[Haskell-cafe] Re: type metaphysics

[Benedikt Huber]

Ryan Ingram schrieb:
> 2009/2/2 Luke Palmer <lrpalmer at gmail.com>:
>> However!  If we have a function f : Nat -> Nat -> Bool, we can construct the
>> diagonalization g : Nat -> Bool as:  g n = not (f n n), with g not in the
>> range of f.  That makes Nat -> Bool "computably uncountable".
> 
> This is making my head explode.  How is g not in the range of f?
> 
> In particular, f is a program, which I can easily implement; given:

f is 'easy to implement' if it enumerates all functions, not just total 
ones.

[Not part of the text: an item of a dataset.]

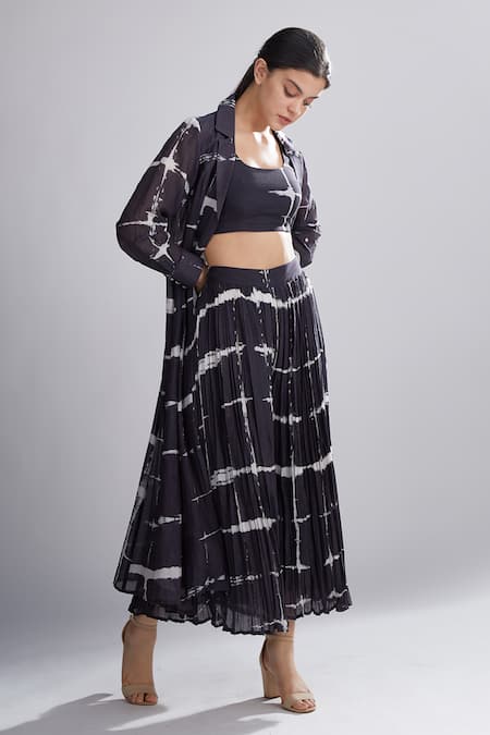 Black high-waist midi skirt with all over Shibori tie-dye motifs and pleated detail.
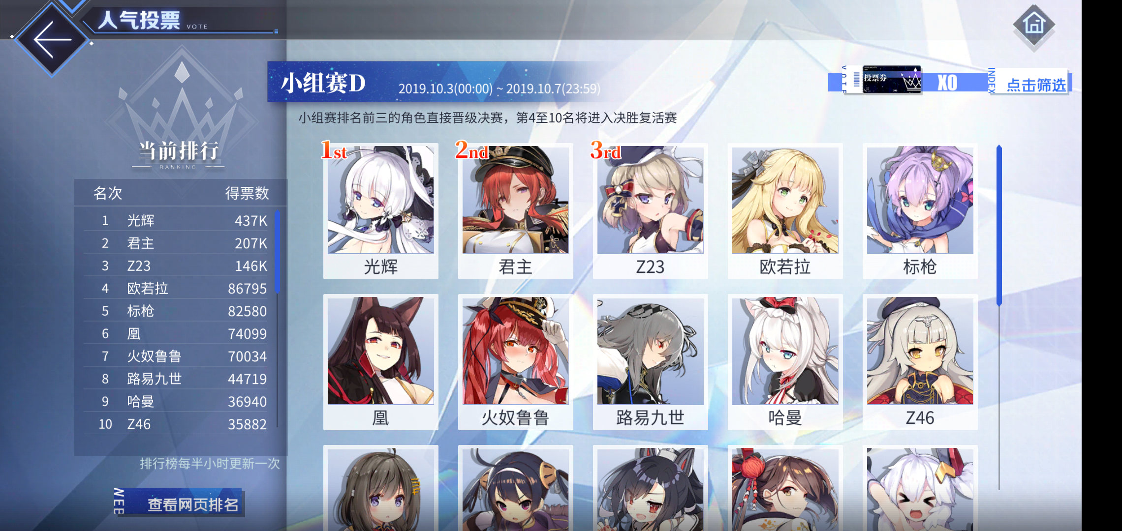 如果这个趋势继续这样发展下去,那么感觉剩下的舰娘就真的只能争取十强了。因为前三除了23可能不太稳定以外基本上不会有太大的变化空间,君主和光辉都是老牌人气船了,而且光辉都出婚纱快两年了还能第一就足以说明她的人气是多么的稳健。

Otherwise, f is hard to implement ;)

In the first case, if we have (f n n) = _|_, then g n = not (f n n) = 
_|_ as well, so the diagonalization argument does not hold anymore.

But I do agree that proofs by contradiction do not map well to haskell ...

benedikt


> 
> compiler :: String -> Maybe (Nat -> Bool)
> mkAllStrings :: () -> [String]  -- enumerates all possible strings
> 
> I can write f as
> 
> f n = validPrograms () !! n
>   where
>     validPrograms = map fromJust . filter isJust . map compiler . mkAllStrings
> 
> Now, in particular, mkAllStrings will generate the following string at
> some index, call it "stringIndexOfG":
> 
> <source code for compiler>
> <source code for mkAllStrings>
> <source code for f>
> g n = not (f n n)
> 
> This is a valid program, so the compiler will compile it successfully,
> and therefore there is some index "validProgramIndexOfG" less than or
> equal to "stringIndexOfG" which generates this program.
> 
> But your argument seems to hold as well, so where is the contradiction?
> 
>   -- ryan